Quartet in Autumn is a novel by British novelist Barbara Pym, first published in 1977. It was highly praised and shortlisted for the Booker Prize, the top literary prize in the UK. This was considered a comeback novel for Pym; she had fallen out of favour as styles changed, and her work had been rejected by publishers for 15 years. This followed her successful record as a novelist during the 1950s and early 1960s. As a novel, it represents a departure from her earlier style of light comedy, as it is the story of four office workers on the verge of retirement.

Plot summary
Marcia, Letty, Norman and Edwin all work together in the same office. None is married (Edwin being a widower) and each is nearing retirement age.  Letty has plans to share a country retreat with her long-time friend, Marjorie.
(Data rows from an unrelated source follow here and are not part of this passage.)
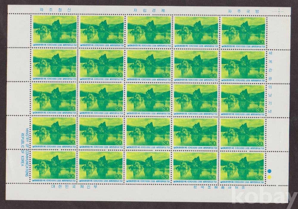 (힌국전지) 1980.9.28 세계관광의 날-도담삼봉 sheet of 25 MNH
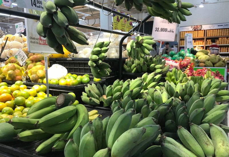 Các loại hoa quả tươi cũng được cung ứng lấp đầy kệ.
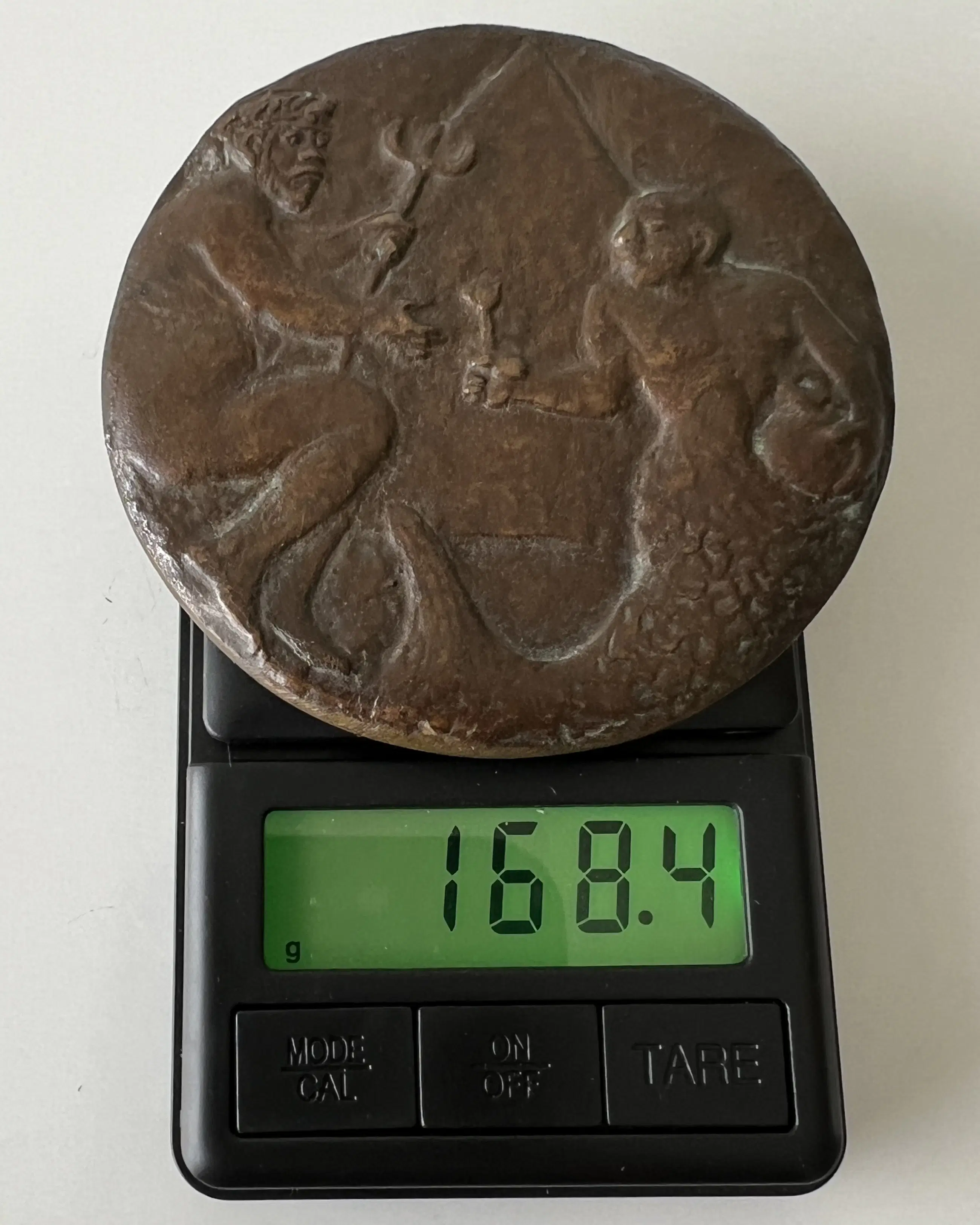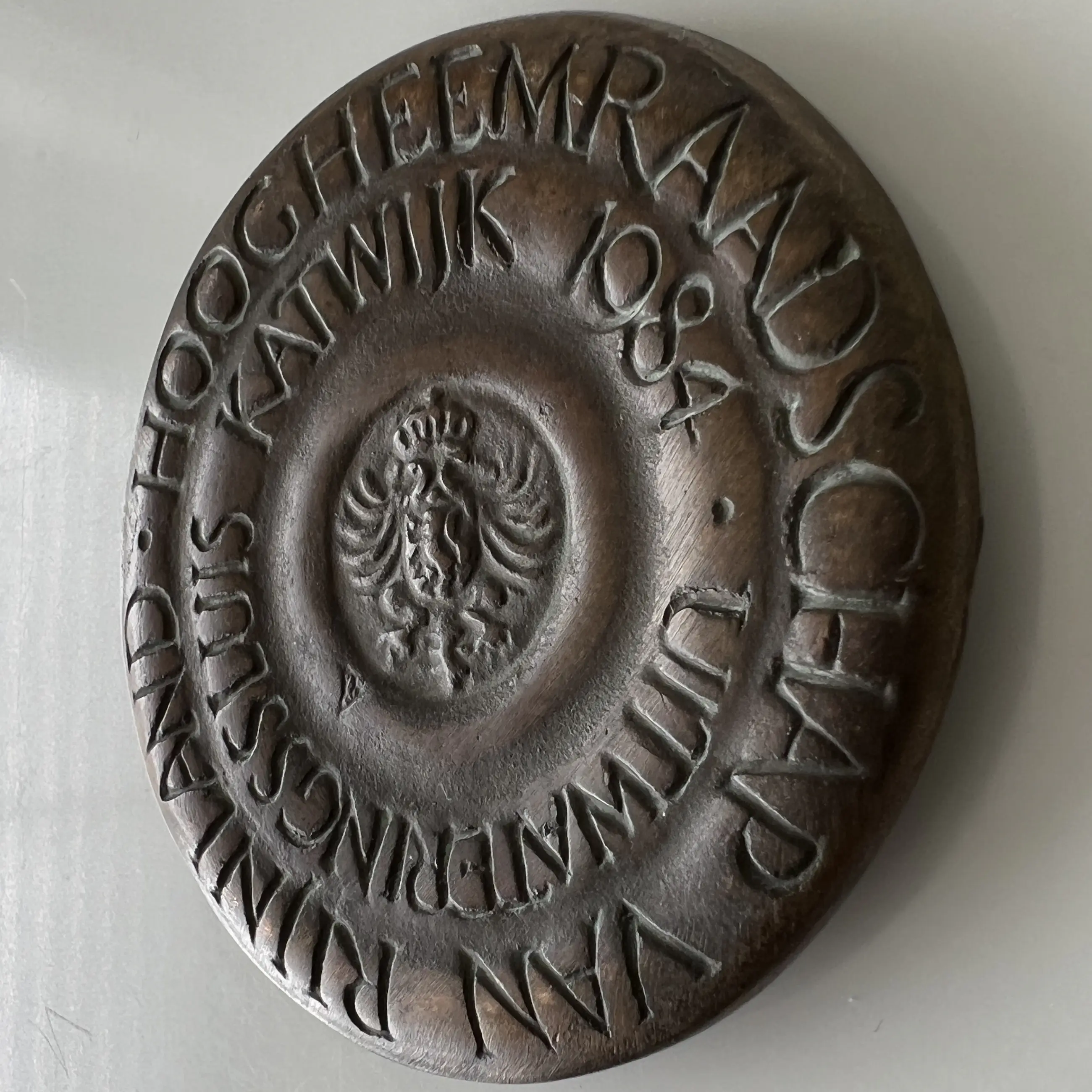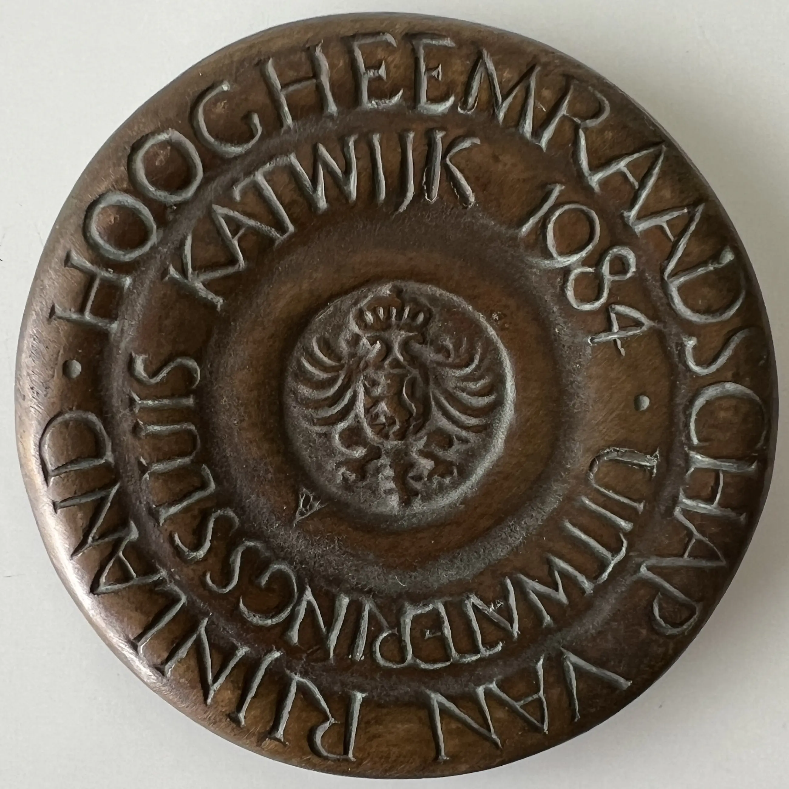 Deze bronzen penning werd uitgegeven door het hoogheemraadschap van Rijnland ter gelegenheid van de officiële ingebruikstelling van de nieuwe uitwateringssluis te Katwijk op 14 maart 1984.

Her hopes are dashed when Marjorie suddenly announces that she is to marry a clergyman some years younger than she.

After Marcia and Letty retire, each is faced with challenges. Letty suddenly has to move and Marcia has to deal with a loss of the routine that was an essential part of her life.  Marcia gradually withdraws from the outside world, while Letty has to engage with it. Marcia eventually gives up eating and dies in pathetic circumstances. She has unexpectedly left her estate to Norman, in whom she had indulged a brief and secret semi-romantic interest.

When Marjorie's fiancé deserts her for a younger widow, Letty and her friend decided to take the country cottage after all. By now she has come to terms with retirement, her world has expanded, and so she does not immediately move. She realizes that she has opportunities to make her own choices. Norman and Edwin play less central roles in the "quartet", as their characters develop in response to the absences and actions of Marcia and Letty.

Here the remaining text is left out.